AI is often being used recently for specifically generative AI, which is a subfield of machine learning, which is a subfield of AI in the broader sense.
But I did notice the "References" section in the bottom of the README, which does explain what Mamba is by linking to the original paper: "Mamba: Linear-Time Sequence Modeling with Selective State Spaces" https://arxiv.org/abs/2312.00752
Heavily agree. Ive been following this space quite closely, like most people, only for the past year. But it seems to be still in its experimental phase which in turn brings academics and researchers who tend toward this type of language.
Everybody doesn't know Mamba. You can't stay on top of everything in ML so stop trying. Since you asked, Mamba is a neural architecture based on structured state space models (SSMs) that aims to replace Transformers. For me right now just know that counts as staying on top of things. If I need to know more than that I can have the computer summarize it for me.
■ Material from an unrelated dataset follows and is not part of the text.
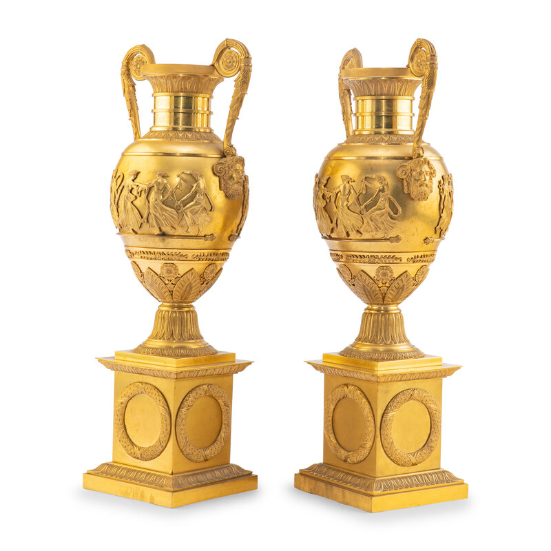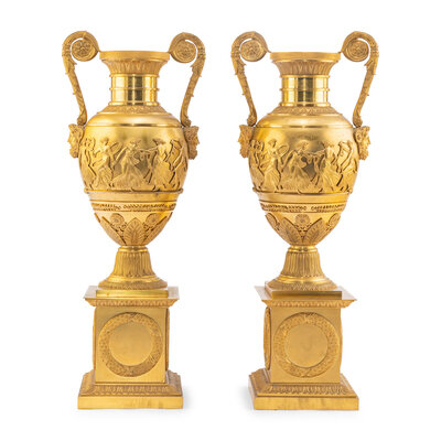 A Pair of French Gilt Bronze Urns

I think the glossary is defining variable names as given in the paper. I found this confusing when I originally read the paper as the authors assume that the reader knows what B, L, D and N stand for. I had to use explainpaper to figure it out.
Yes, it is here. This is an implementation designed for education: the main purpose here is to understand the model architecture in a practical sense.
So lines of code and number of files are both meaningful. This is 1 short Python file, which makes it a lot easier to understand than a full optimized implementation.
BERT:
https://github.com/explosion/curated-transformers/blob/main/...
Llama 1/2:
https://github.com/explosion/curated-transformers/blob/main/...
MPT:
https://github.com/explosion/curated-transformers/blob/main/...
With various stuff enabled, including support for TorchScript JIT, PyTorch flash attention, etc.